The heritability estimated for body weight in broiler chickens from a pure line population was of moderate magnitude, accounting for 23% of the phenotypic variance. This result indicates that the response to selection should be effective in a short to medium term. The ratio of maternal permanent environmental variance over the phenotypic variance was low and contributed to 5% of the body weight variation. Although the variance fraction accounted for by the maternal permanent environment effect was relatively low, the inclusion of this effect in the model is essential to avoid an inflation of the variance of the additive genetic effect. Body weight estimates of heritability and the fraction for maternal permanent environmental variance were consistent with other studies using the same trait in broilers from single pure lines [23, 24].
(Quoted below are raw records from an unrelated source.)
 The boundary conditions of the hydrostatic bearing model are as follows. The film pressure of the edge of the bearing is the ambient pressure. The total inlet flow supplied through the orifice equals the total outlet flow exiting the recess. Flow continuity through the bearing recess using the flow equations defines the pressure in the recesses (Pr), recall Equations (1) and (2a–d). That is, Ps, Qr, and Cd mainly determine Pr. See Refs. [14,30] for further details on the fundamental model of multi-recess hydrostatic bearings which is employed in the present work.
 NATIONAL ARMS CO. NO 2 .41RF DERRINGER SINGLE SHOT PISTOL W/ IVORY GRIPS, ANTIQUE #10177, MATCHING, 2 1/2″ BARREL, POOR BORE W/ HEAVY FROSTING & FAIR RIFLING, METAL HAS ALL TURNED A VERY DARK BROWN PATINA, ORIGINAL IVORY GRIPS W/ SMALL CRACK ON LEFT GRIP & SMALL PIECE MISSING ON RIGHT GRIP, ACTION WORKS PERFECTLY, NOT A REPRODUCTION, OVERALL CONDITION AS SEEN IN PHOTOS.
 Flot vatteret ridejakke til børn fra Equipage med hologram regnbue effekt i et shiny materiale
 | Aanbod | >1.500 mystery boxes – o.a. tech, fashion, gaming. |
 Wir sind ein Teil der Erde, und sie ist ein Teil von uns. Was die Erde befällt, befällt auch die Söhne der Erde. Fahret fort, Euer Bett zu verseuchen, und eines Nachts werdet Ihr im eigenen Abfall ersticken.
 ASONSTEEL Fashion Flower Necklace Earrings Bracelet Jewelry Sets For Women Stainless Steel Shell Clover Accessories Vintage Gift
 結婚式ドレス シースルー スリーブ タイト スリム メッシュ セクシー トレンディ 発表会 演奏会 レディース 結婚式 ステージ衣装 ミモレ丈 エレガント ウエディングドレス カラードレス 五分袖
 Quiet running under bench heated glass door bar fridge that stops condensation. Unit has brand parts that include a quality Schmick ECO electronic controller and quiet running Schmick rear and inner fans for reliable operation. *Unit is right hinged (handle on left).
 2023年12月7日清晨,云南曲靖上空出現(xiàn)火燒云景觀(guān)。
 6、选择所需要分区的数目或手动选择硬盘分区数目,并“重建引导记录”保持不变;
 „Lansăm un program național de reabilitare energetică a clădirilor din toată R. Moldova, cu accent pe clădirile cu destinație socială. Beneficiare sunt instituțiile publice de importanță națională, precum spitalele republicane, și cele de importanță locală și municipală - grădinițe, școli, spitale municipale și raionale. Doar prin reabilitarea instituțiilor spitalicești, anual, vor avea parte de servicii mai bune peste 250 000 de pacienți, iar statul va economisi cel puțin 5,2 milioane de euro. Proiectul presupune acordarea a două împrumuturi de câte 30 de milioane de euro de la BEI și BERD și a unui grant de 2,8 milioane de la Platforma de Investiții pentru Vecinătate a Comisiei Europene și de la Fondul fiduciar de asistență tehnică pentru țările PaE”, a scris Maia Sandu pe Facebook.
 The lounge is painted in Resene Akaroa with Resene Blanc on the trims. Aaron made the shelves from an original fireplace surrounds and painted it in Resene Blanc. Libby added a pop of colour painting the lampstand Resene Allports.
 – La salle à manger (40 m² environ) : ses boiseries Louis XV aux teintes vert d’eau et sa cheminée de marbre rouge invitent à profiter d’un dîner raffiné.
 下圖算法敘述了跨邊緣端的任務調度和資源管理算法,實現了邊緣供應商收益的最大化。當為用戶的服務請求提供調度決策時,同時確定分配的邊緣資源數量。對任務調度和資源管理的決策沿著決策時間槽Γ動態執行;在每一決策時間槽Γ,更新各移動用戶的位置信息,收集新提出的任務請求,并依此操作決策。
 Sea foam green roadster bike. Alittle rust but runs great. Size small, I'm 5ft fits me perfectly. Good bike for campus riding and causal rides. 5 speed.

For the DNN implementation, a random search was used for hyperparameter optimization, leading to the selection of different models for each subset of the training set. This result indicates that the choice of the best DNN architecture was strongly affected by the amount of data available during training. Therefore, the random search did not provide a robust DNN structure to predict body weight throughout the training set partitions. Recently, simulated annealing and genetic algorithms have been considered for hyperparameter optimization in machine learning applications [25, 26]. Such approaches may provide a more robust DNN architecture, and as consequence may show a better predictive performance compared to random search. However, Bellot et al. (2018) [22] evaluated the performance of DNN on the genome-enable prediction of complex traits in humans using a genetic algorithm for hyperparameter optimization, and also reported that DNN had similar results with Bayesian regression models.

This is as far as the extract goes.